§ About this task:
Where an entry below contains an image, skip the image and reproduce the rest exactly.

Saved data entries:
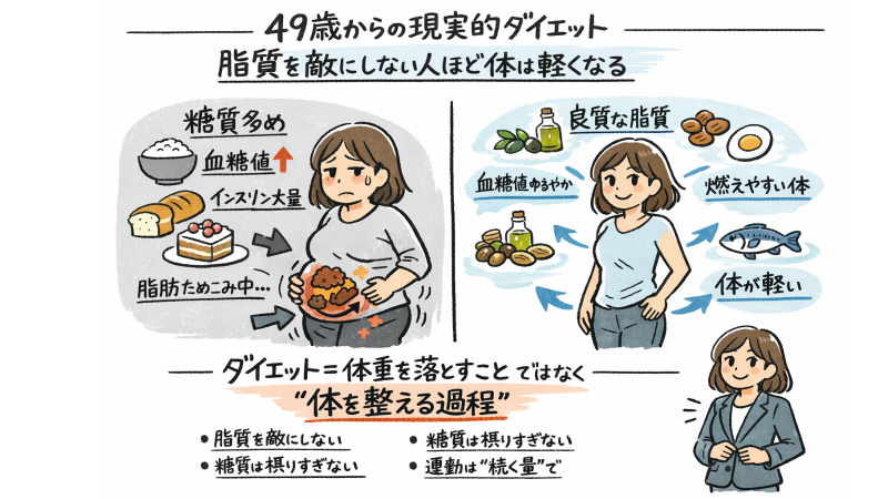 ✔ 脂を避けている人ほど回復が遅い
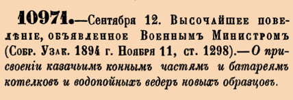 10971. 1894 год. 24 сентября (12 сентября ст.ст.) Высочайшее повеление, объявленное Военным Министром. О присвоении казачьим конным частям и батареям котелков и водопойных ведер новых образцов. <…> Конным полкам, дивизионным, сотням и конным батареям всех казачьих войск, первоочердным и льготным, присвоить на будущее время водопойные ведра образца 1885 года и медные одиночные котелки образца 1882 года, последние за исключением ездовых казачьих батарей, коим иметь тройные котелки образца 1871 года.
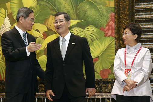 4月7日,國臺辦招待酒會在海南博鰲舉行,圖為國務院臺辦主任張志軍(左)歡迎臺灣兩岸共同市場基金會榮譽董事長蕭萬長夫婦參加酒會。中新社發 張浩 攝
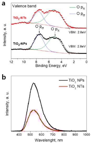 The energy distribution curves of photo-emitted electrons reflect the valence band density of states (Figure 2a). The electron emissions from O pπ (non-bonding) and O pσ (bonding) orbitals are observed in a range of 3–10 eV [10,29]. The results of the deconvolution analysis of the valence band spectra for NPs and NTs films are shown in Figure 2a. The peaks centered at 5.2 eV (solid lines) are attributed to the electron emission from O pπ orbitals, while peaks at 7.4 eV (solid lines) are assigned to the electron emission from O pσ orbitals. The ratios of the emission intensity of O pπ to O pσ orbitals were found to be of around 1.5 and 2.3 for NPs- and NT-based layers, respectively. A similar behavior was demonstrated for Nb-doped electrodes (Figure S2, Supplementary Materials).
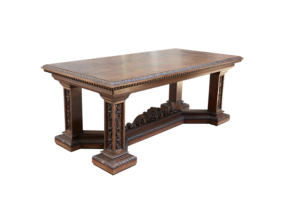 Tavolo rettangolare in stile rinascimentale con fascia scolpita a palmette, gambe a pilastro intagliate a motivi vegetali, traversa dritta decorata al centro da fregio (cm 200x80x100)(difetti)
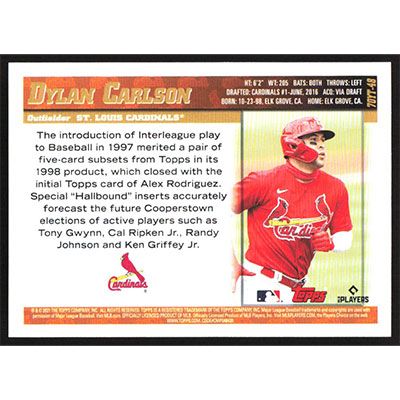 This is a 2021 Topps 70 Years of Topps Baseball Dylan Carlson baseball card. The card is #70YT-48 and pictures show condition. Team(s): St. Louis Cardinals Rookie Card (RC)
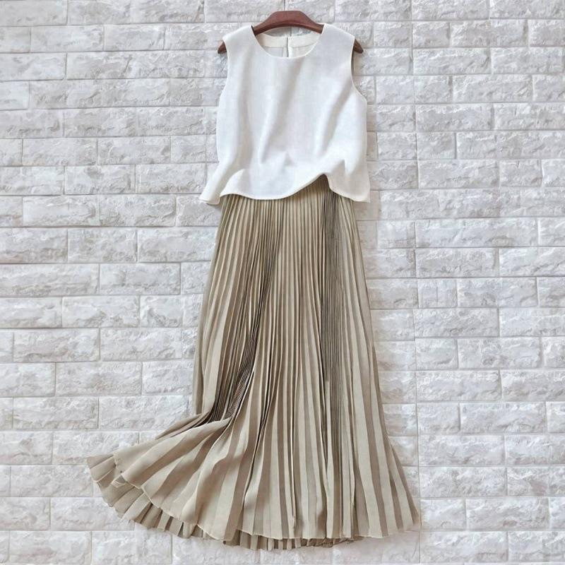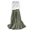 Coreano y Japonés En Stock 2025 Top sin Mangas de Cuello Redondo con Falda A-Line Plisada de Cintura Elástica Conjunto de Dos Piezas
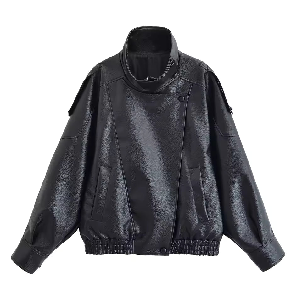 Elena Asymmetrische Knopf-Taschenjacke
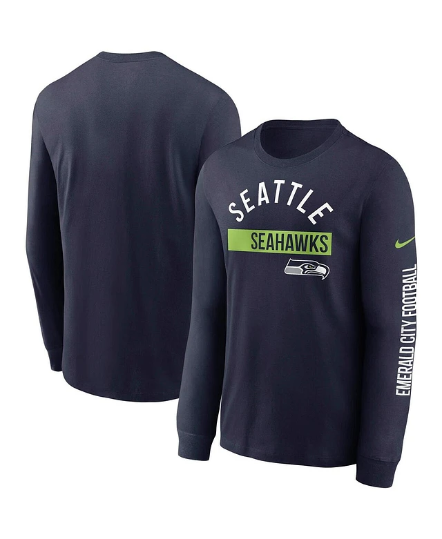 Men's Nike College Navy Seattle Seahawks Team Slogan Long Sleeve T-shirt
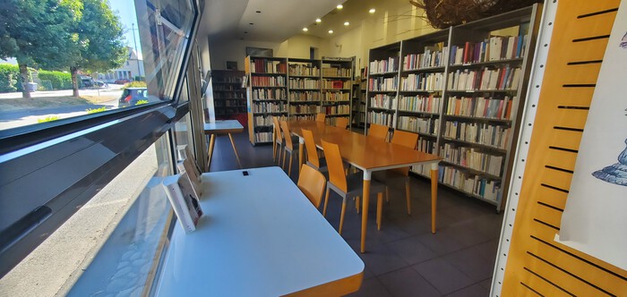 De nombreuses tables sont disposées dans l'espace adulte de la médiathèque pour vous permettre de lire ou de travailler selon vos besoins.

§ Answer for the task:
 ✔ 脂を避けている人ほど回復が遅い
 10971. 1894 год. 24 сентября (12 сентября ст.ст.) Высочайшее повеление, объявленное Военным Министром. О присвоении казачьим конным частям и батареям котелков и водопойных ведер новых образцов. <…> Конным полкам, дивизионным, сотням и конным батареям всех казачьих войск, первоочердным и льготным, присвоить на будущее время водопойные ведра образца 1885 года и медные одиночные котелки образца 1882 года, последние за исключением ездовых казачьих батарей, коим иметь тройные котелки образца 1871 года.
 4月7日,國臺辦招待酒會在海南博鰲舉行,圖為國務院臺辦主任張志軍(左)歡迎臺灣兩岸共同市場基金會榮譽董事長蕭萬長夫婦參加酒會。中新社發 張浩 攝
 The energy distribution curves of photo-emitted electrons reflect the valence band density of states (Figure 2a). The electron emissions from O pπ (non-bonding) and O pσ (bonding) orbitals are observed in a range of 3–10 eV [10,29]. The results of the deconvolution analysis of the valence band spectra for NPs and NTs films are shown in Figure 2a. The peaks centered at 5.2 eV (solid lines) are attributed to the electron emission from O pπ orbitals, while peaks at 7.4 eV (solid lines) are assigned to the electron emission from O pσ orbitals. The ratios of the emission intensity of O pπ to O pσ orbitals were found to be of around 1.5 and 2.3 for NPs- and NT-based layers, respectively. A similar behavior was demonstrated for Nb-doped electrodes (Figure S2, Supplementary Materials).
 Tavolo rettangolare in stile rinascimentale con fascia scolpita a palmette, gambe a pilastro intagliate a motivi vegetali, traversa dritta decorata al centro da fregio (cm 200x80x100)(difetti)
 This is a 2021 Topps 70 Years of Topps Baseball Dylan Carlson baseball card. The card is #70YT-48 and pictures show condition. Team(s): St. Louis Cardinals Rookie Card (RC)
 Coreano y Japonés En Stock 2025 Top sin Mangas de Cuello Redondo con Falda A-Line Plisada de Cintura Elástica Conjunto de Dos Piezas
 Elena Asymmetrische Knopf-Taschenjacke
 Men's Nike College Navy Seattle Seahawks Team Slogan Long Sleeve T-shirt
 De nombreuses tables sont disposées dans l'espace adulte de la médiathèque pour vous permettre de lire ou de travailler selon vos besoins.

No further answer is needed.